When you see yourself as awkward and flawed, you assume everyone else sees you this way too. When you expect to be picked on, you assume everything said to you is either an insult or some condescending statement which puts you down.

I openly admit my discomforts which I still have. Since this was my younger, early platform, I see how these things tie into my character defects. I have a huge fear of public humiliation because yes, I was publicly humiliated when I was a kid. I have a problem with people pleasing. I have an undying need to “Feel” accepted and wanted.
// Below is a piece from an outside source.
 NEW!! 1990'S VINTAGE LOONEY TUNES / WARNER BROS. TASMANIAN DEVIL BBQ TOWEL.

One of the reasons why I change my topics when I write is because I don’t want to adhere to one topic specifically just because someone “Liked” it.  Otherwise, I will be on the chase to feel liked or accepted.

One of the internal problems I had with my bullying is the self-perpetuating struggle, in which I face to this day. What I mean is when I felt less than, my behaviors slipped. I assumed the worst and because I assumed the worst, eventually, the worst happened because my behavior coincided with my feelings, which led me towards the self-fulfilled prophecy that eventually came true.
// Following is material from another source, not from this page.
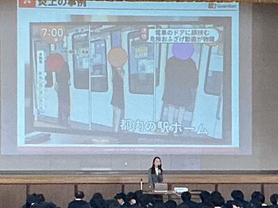 インターネットを安全・安心に利用するための講義を行っていただきました。SNS上のトラブルは誰にでも起こり得ることや顔を出さずに投稿できることから発言内容が過激になったり、軽い気持ちでついつい反応を示したことが思わぬ犯罪につながる可能性があることなど、具体的な事例を交えた内容となりました。

I never had a sense of self. This would have defended me better in my bullying than a strong fist or a good right hook. Admittedly though, a good punch does have a way of settling bullying disputes.
I never understood how to place my emotional investments. I never connected my exterior looks and behavior to my internal feelings. I just knew I felt badly about myself, to which eventually, I began to hate myself. In fact I hated everything about me. I admired those who had less than me because although they had less, I always wondered how they were accepted and yet, me with my benefits, I couldn’t find myself comfortable in a roomful of anyone.

Bullies are relentless. I know this. But they are second to the relentless thought process which is unending to the insecure and weaker. All I did was think and contemplate. All I did was feel. All I did was wish I was someone else or anyone else and maybe then, maybe if I was blonde-haired or blue-eyed, or maybe if I was taller or better looking, maybe then I could fit.

If I were only taught about self-acceptance and understanding, I think my childhood would have been much easier to live through.

I remember a night that nearly turned fatal for me. I was eight at the time and thought there was no point to my existence. I swallowed a large amount of pills, said goodnight to everyone in my house, which really meant goodbye, and then I resigned to my bedroom with the idea that I would fall asleep and never wake up again.
Obviously, this was not the case. Instead, I vomited for a long time and found myself back in the hospital emergency room. I say back to the hospital because I had just come from their after spending two weeks in a room with an I.V. bag plugged to my arm because I was sick with gastroenteritis.

Sometimes I wish I could talk to that little me back then. I wish I could strengthen him. I wish I could go back and tell him the truth about who he is and tell him how unimportant other people’s thoughts or opinions are.
I wish I could tell him don’t volunteer to be the victim. Don’t offer to wear the target and yes, if I could, I would go back to the little me above all and tell him to be sure and say hello to Douglas. I would say talk to Doug because of all people I have seen in my life; I have never seen anyone as remarkable as him.